The ruling is “having an immediate impact starting today, and what that impact is depends on each woman and where she lives,” Sarah Wheat, vice president for community affairs for Planned Parenthood of Greater Texas, told the Tribune

“Depending on that patient and what her circumstances are, we’re either referring her to another health center in that same community or telling her which cities she’ll have to travel to,” Wheat said. 

The Planned Parenthood clinics that have ceased abortions, located in Fort Worth, Austin, Waco, and Lubbock, will continue to offer other services, such as birth control, she said.
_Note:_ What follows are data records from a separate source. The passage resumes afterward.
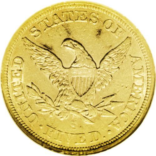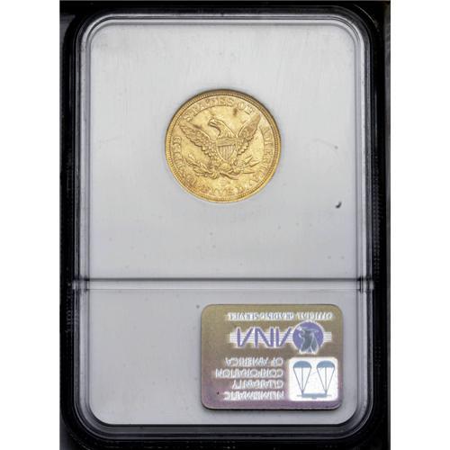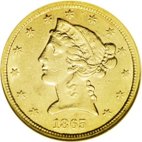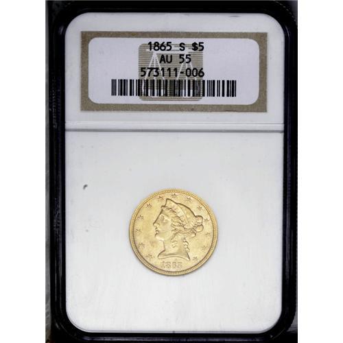 <B>1865-S<$5> AU55 NGC.</B></I> This date is quite difficult to find in grades above Extremely Fine. The present coin shows some luster in the fields and boasts a decent strike. Average surface marks are present, but they are not individually distracting and blend well into the coin. Minor haze is present on both sides, as well as some minor copper splashes above the eagle. Census: 18 in 55, 15 finer (3/06). <BR><BR><B>Important notice:</B> Heritage usually auctions material at the rate of 200-250 lots per hour. On some occasions eBay Live bid software or the Internet may not be able to keep up with the pace of the auction. We recommend placing a realistic absentee bid now as insurance to avoid disappointment. Occasionally the auctioneer may eliminate or reject an eBay Live bid, and the auctioneer may also reopen a lot after the close of the eBay live bidding (usually because we missed an audience bid), and may reject your bid even if it shows you as the winning bidder. By bidding via eBay Live, you agree that Heritage may award the lot to another bidder at its sole discretion under the circumstances described above or any other reasonable circumstances. Since eBay bids are not shown to us until we open the lot on the floor, we treat those bids just like floor bids. In most cases the floor responds before the eBay bid is presented to us, due to Internet lag time, so for consistency we have made it a policy that floor bids are always considered first over tie eBay live bids. Also please note that all Heritage lots purchased through eBay Live carry a 20% Buyer's Premium. Please make sure you read the Terms and Conditions before you bid. This lot is being auctioned in conjunction with a live floor auction by Heritage Galleries & Auctioneers. All final auction and invoice information will be supplied by Heritage Galleries & Auctioneers, and all other information should be considered preliminary. Lot:2760 <BR><BR><B>Winning Notification and Billing:</B> After the FINAL session in this auction is complete, Heritage will send e-mail and snail mail invoices. This process normally takes several days. All final auction and invoice information will be supplied by Heritage Galleries & Auctioneers, and all other information should be considered preliminary. <BR><BR>This auction will be conducted on a live auction floor and over the Internet through eBay Live. If you choose to place an absentee bid, please take a moment to <font color='#0000ff'><u><a href='http://pages.ebay.com/liveauctions/help/before/laabsentee.html'>learn how eBay Live absentee bidding works</a></u></font><font color='#000000'>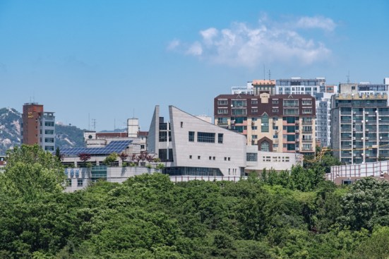In the ancient times, the castle wall of the Seoul which demarcate the boundary of the city usually existed at the ridge of the hill. Like those old castle wall, the church is located at the border line of the two districts. Longitudinal and curvaceous wall façade not only demarcate the inside and outside of the building but also recalls the memory of the existing site.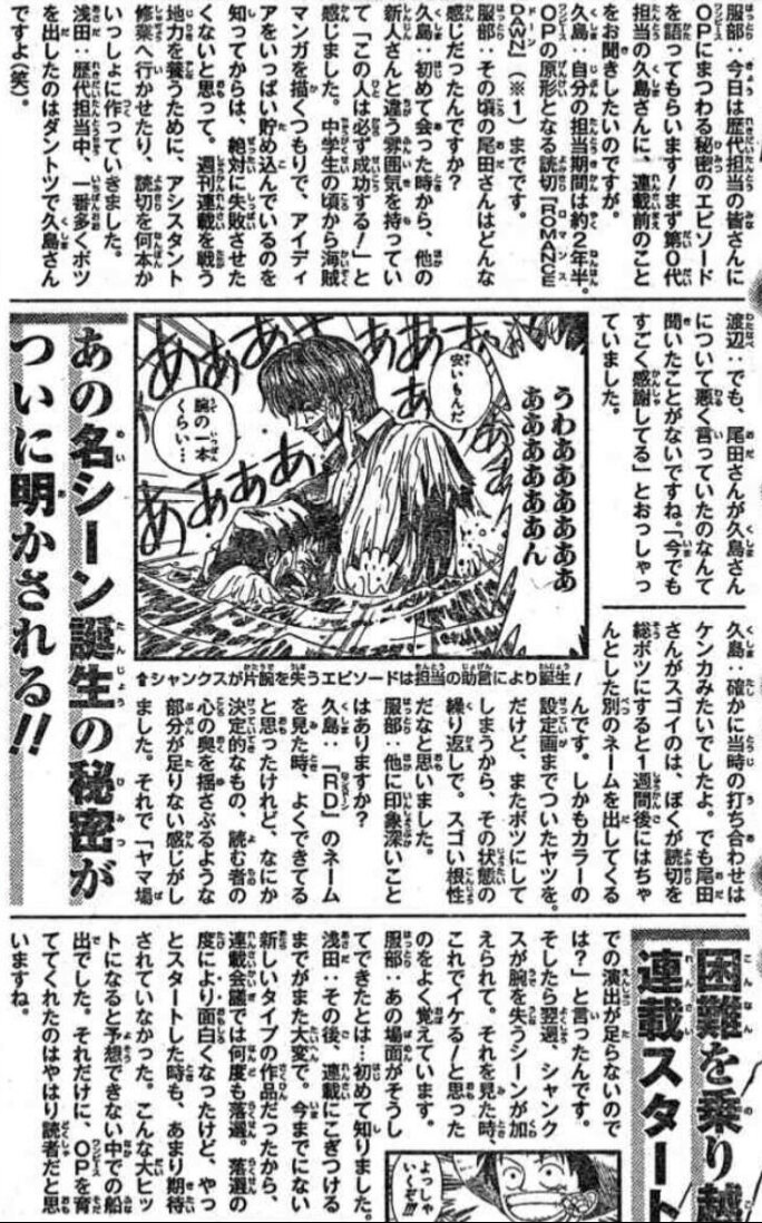 インタビュー内で尾田先生が「第1羽でいちばん大事なシーンは何かといえば」って言って挙げてるのがこのシーンだからってことなんだろうけど、実際は尾田先生は冗談半分だろうな

Two other Reproductive Services clinics in Harlingen and El Paso have also suspended abortion operations.

In his ruling on Monday Judge Yeakel had written that tightening the quality of care “places a substantial obstacle in the path of a woman seeking an abortion of a nonviable fetus and is thus an undue burden to her.” 

However, in a unanimous 20-page decision, a panel of the Appeals Court acknowledged that the law “may increase the cost of accessing an abortion provider and decrease the number of physicians available to perform abortions,” but added that “the incidental effect of making it more difficult or more expensive to procure an abortion” does not invalidate the law. 

Other provisions of the law, such as a ban on abortion after 20 weeks, and higher safety standards, were never challenged. 

The law will go into effect immediately, pending a full court hearing anticipated in January.